Я вспомнил рассказ Дорана об упорстве Антона, его возмущение за воротами, и кивнул, соглашаясь.

 А что насчет Храма Радиации? Наверняка они как-то связаны с его смертью.

 Проверим всех, говорит Роана, и я впервые вижу ее улыбку. Она давит на педаль газа, и внедорожник мчится в Мерингтонию к человеку, которому все известно про охотничий бизнес.


***


Внедорожник останавливается перед старым зданием с панорамными окнами и свежей краской. Над входом две каменные фигуры орла и льва покрыты новыми трещинами и темными от растаявшего снега пятнами.

Вместе с Норутин синхронно показываем удостоверения охраннику, потом в его сопровождении дежурно улыбаемся секретарю, сидящему перед массивной резной дверью в кабинет директора фирмы, предоставляющей туристические услуги для любителей радиоактивной рыбалки и охоты. Буклет на столе секретаря красочно призывает участвовать в походах за Поля, охотиться на пострадавших от радиации животных и птиц, заниматься ловлей мутированных рыб.

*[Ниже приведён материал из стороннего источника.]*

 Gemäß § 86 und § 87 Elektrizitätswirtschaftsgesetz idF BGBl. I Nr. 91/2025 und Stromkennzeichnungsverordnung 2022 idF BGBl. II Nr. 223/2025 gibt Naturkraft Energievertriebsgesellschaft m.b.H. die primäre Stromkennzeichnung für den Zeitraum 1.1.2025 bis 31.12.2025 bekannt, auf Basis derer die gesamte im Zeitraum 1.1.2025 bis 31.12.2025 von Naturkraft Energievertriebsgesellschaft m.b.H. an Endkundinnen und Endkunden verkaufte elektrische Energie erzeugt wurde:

Директор выказывает радушие, пожимает нам руки, приглашает присаживаться в кресла. Роана показывает фотографию Антона Морина и напрямую спрашивает об охоте на клоповщиков. Директор предсказуемо отрицает свое участие в «подобном зверстве», играет роль возмущенного добропорядочного гражданина. Замечаю, как на лице Норутин едва заметно промелькнула тень. Я мельком кладу руку на ее локоть, и спрашиваю директора, участвовал ли Антон Морин в туристической рыбалке или охоте на животных. Глубоко вздохнув, директор листает ежедневник. Найдя нужную страницу, он называет дату туристического похода, но несколько раз уточняет, что не устраивает охоту на людей. Он щелкает кнопкой телефона, и через минуту секретарь сопровождает нас по коридорам компании, а из каждого угла на нас смотрят с подозрением и страхом. Я вдруг понимаю, что совершенно не запомнил голос директора, а еще в моем сознании он останется просто Директором, без имени и фамилии. Этот факт заставляет меня задуматься, что отобранная недавно у малолетнего дилера доза пригодится сегодня вечером.

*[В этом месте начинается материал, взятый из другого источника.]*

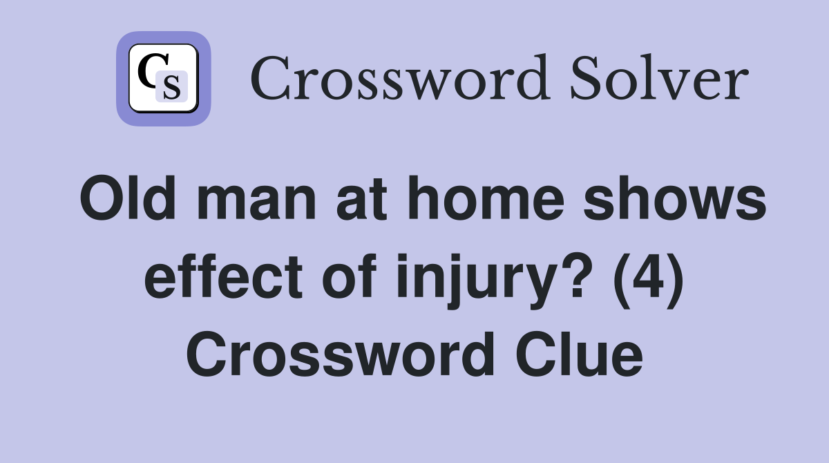Old man at home shows effect of injury? (4) Crossword Clue Answers

В дальнем конце офисов мы проходим за металлическую дверь и попадаем в коморку три на четыре метра, вместившую тощего холерика и множество мониторов и системных блоков. Сотрудник поправляет очки, кивает, показывает записи с камер видеонаблюдения, а там Антон Морин выходит из автомобиля, широкая улыбка актера заполняет его лицо. Вытаскивает из кузова убитого им мутанта с двумя овечьими головами и победно трясет. Мы обмениваемся с Роаной разочарованными взглядами и записываем все данные, особенно время возвращения Антона, когда он еще был жив. Холерик показывает другую видеозапись, на которой младший Морин выходит из офиса и уезжает в своем дорогом автомобиле. Вчера около десяти вечера. В следующие несколько часов его настигнет убийца возле склада.

Когда мы выходим с Норутин из душных помещений туристической компании, я рассказываю о своих подозрениях насчет Директора. Покрасневшие уши предательски выдают его зависимость. Несколько секунд мы молчаливо сидим во внедорожнике: я смотрю на Роану, она наблюдает за входом в офисы фирменным прищуром с подозрением и размышляет над моими словами. По крайней мере, я бы хотел так думать. Через минуту она подмигивает мне с улыбкой и предлагает подождать до вечера.

Когда на улице включаются яркие неоновые лампы, из офиса выходит Директор. Мы следуем во внедорожнике за его хэтчбеком новой модели, стараясь держать дистанцию случайного автолюбителя. На лобовом стекле мелькают блики подсветок магазинов и небоскребов, уличное освещение оставляет на наших лицах яркие пятна, словно намеренно лишая укрытия темного салона. Проезжаем несколько перекрестков. Директор дважды останавливается, чтобы зайти в продуктовый магазин и в аптеку.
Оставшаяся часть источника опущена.